Why Feeling Good Takes More Than Avoiding Negative Feelings

Summary: For decades, mental health care has largely equated recovery from depression with removing sadness. New research challenges that assumption, arguing the most dangerous element of depression is not negative feeling but the loss of positive emotion — anhedonia. This condition, present in the vast majority of patients, undermines motivation, increases suicide risk, and resists conventional therapies that focus mainly on reducing negative symptoms.

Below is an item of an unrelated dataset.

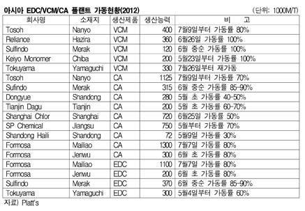 아시아 VCM(Vinyl Chloride Monomer) 수급타이트가 빠르게 완화되고 있다. Sulfino는 Merak 소재 EDC 37만톤 플랜트를 6월 중순부터 가동률 85-90%를 유지했으나 Tokuyama는 Yamaguchi 소재 EDC 30만톤 플랜트를 5월4일부터 60% 가동하고 있다. 표, 그래프: < 아시아 EDC/VCM/CA 플랜트 가동현황(2012) > <화학저널 2012/07/23> |
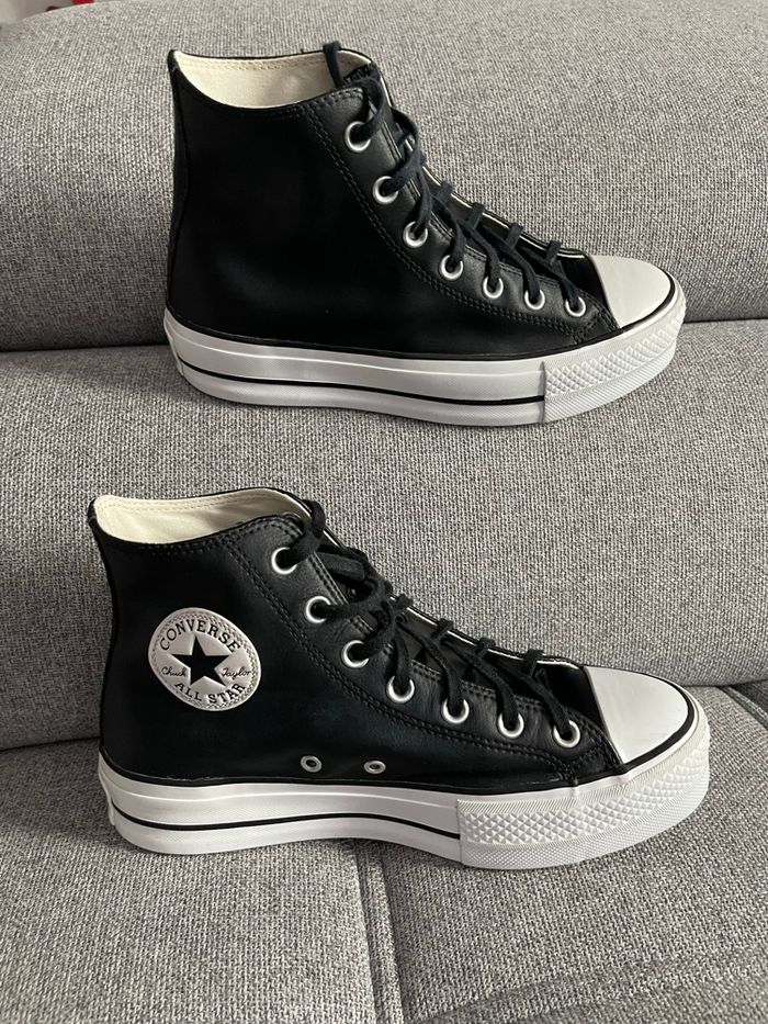 Converse noire plate-forme en cuir véritable Un model classique et confortable , Taille correctement 39 Portée mais toujours en très bon état général Envoi rapide

Anhedonia affects up to 90% of people with major depression and often predicts a longer, more severe illness course. In response, researchers developed Positive Affect Treatment (PAT), a 15-session psychotherapy that emphasizes rebuilding the brain’s capacity for joy, reward, and purpose rather than directly “fixing” sadness. The approach aims to retrain the brain’s reward system so patients can anticipate, enjoy, and learn from positive experiences again.

Key Facts

  • The Treatment Gap: Many standard treatments concentrate on reducing negative emotions — anxiety, fear, sadness — but they often leave impaired positive affect unaddressed. PAT redirects treatment toward restoring positive affect by targeting reward-related brain processes.
  • Paradoxical Healing: Clinical trials show that focusing only on positive affect can produce improvements in both positive and negative symptoms, even when negative emotions are not discussed in therapy.
  • Hopelessness vs. Helplessness: Lead researcher Alicia E. Meuret differentiates “helplessness,” which still contains a will to change, from “hopelessness” — the sense that nothing can change. Anhedonia often manifests as hopelessness and is not resolved simply by removing negative feelings.
  • The Power of Savoring: PAT uses structured practices — savoring, gratitude exercises, and loving-kindness techniques — to retrain how people anticipate and remember rewards, strengthening motivation and pleasure.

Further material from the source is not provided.